Starting with the opening line of the entries below, transcribe each line exactly up to and including the one that has "Umístění: Wiesau, Tonwerkstraße, před"; pictures are not copied.

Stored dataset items
* * *
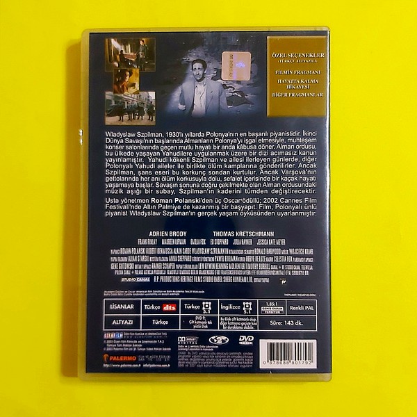 Piyanist – DVD Cannes Altın Palmiye 3 Oskar – 2 Bafta Ödülü sahibi film. 2003 Baskısı Türkçe Dublaj Özel seçenekler 143.Dakika
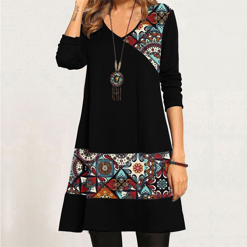 Women’s V-neck Printed Long Sleeve Dress
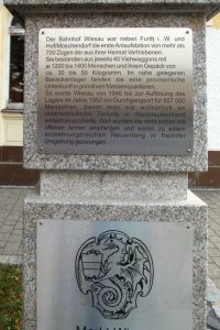 Umístění: Wiesau, Tonwerkstraße, před budovou nádražíDer Bahnhof Wiesau war neben Furth i. W. und Hof/Moschendorf die erste Anlaufstation von mehr als 700 Zügen der aus ihrer Heimat Vertriebenen. Sie bestanden aus jeweils 40 Viehwaggons mit je 1200 bis 1400 Menschen und ihrem Gepäck von 1 ca. 30 bis 50 Kilogramm. Im nahe gelegenen Barackenlager fanden sie eine provisorische Unterkunft in primitiven Massenquartieren. So wurde Wiesau von 1946 bis zur Auflösung des Lagers im Jahre 1952 ein Durchgangsort für 857 000 Menschen, bevor man sie willkürlich an unterschiedliche Zielorte in Westdeutschland weitertransportierte. Dort wurden sie nicht immer mit offenen Armen empfangen und waren zu einem entbehrungsreichen Neuanfang in fremder Umgebung gezwungen.
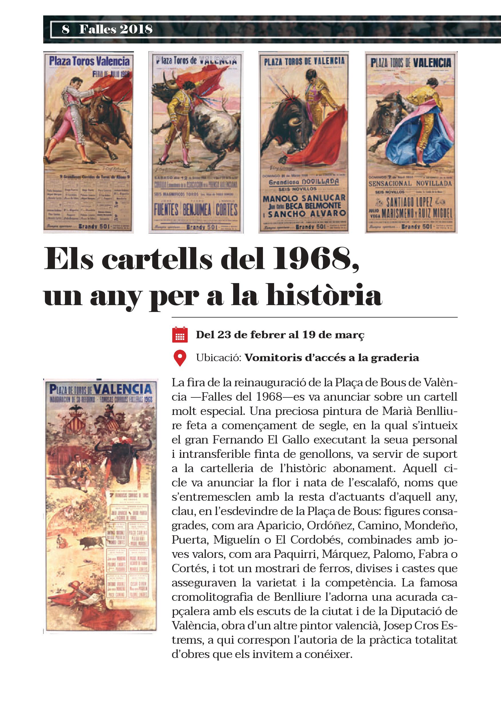 En este 2018, la plaça de València complix 50 anys des de la seua reinauguració en 1968. Per això, s'ha volgut recordar esta efemèride amb el mateix cartell amb què es van anunciar aquelles Falles del 68, obra de Mariano Benlliure, un dels artistes més rellevants i el mestre de l'escultura taurina.
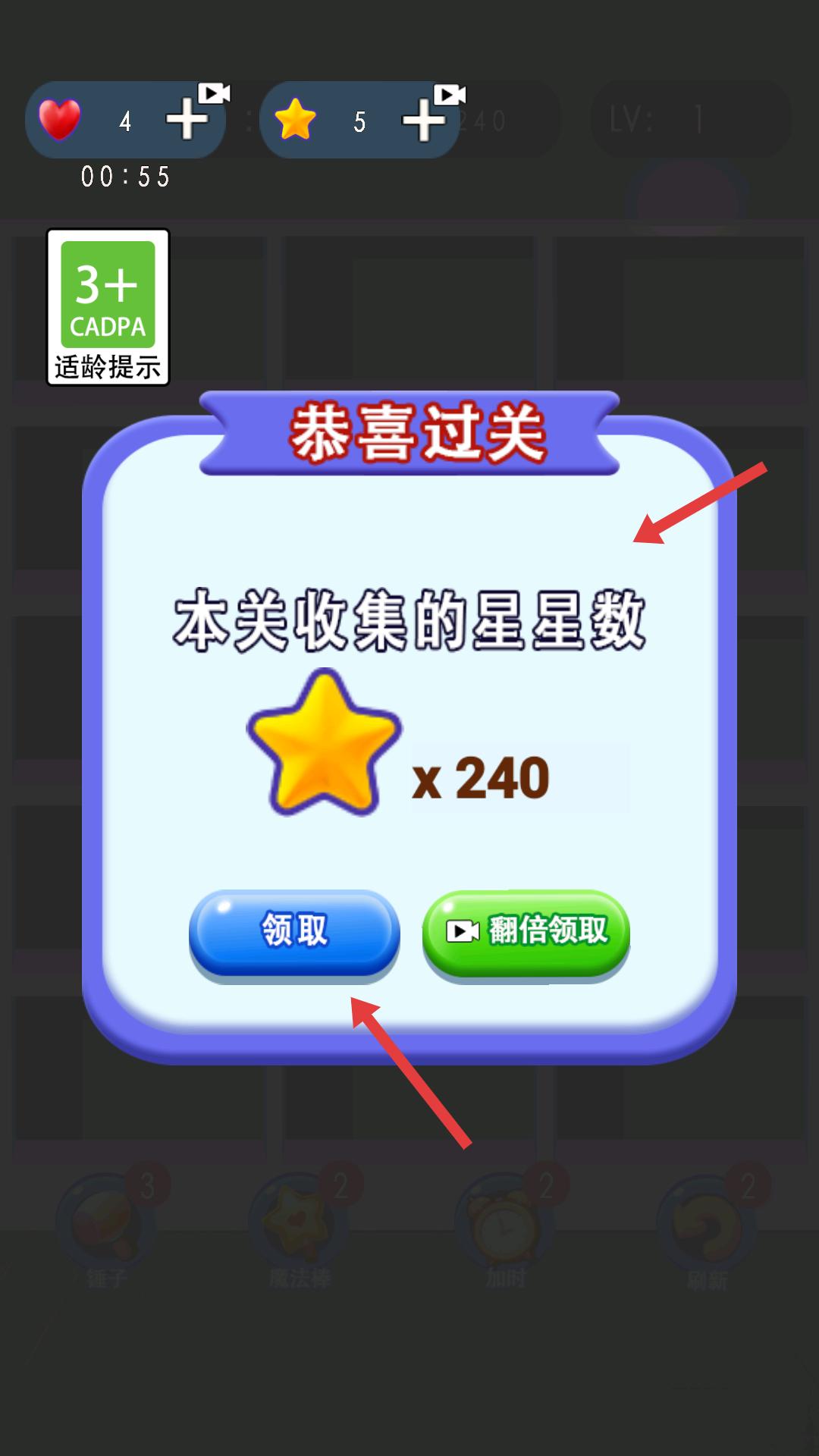 4、成功通關(guān)后,會顯示恭喜過關(guān)界面,能看到本關(guān)收集的星星數(shù),點(diǎn)擊領(lǐng)取可獲得星星,也可看視頻翻倍領(lǐng)取。
* * *
*Response to this exercise*.
 Piyanist – DVD Cannes Altın Palmiye 3 Oskar – 2 Bafta Ödülü sahibi film. 2003 Baskısı Türkçe Dublaj Özel seçenekler 143.Dakika
 Women’s V-neck Printed Long Sleeve Dress
 Umístění: Wiesau, Tonwerkstraße, před budovou nádražíDer Bahnhof Wiesau war neben Furth i. W. und Hof/Moschendorf die erste Anlaufstation von mehr als 700 Zügen der aus ihrer Heimat Vertriebenen. Sie bestanden aus jeweils 40 Viehwaggons mit je 1200 bis 1400 Menschen und ihrem Gepäck von 1 ca. 30 bis 50 Kilogramm. Im nahe gelegenen Barackenlager fanden sie eine provisorische Unterkunft in primitiven Massenquartieren. So wurde Wiesau von 1946 bis zur Auflösung des Lagers im Jahre 1952 ein Durchgangsort für 857 000 Menschen, bevor man sie willkürlich an unterschiedliche Zielorte in Westdeutschland weitertransportierte. Dort wurden sie nicht immer mit offenen Armen empfangen und waren zu einem entbehrungsreichen Neuanfang in fremder Umgebung gezwungen.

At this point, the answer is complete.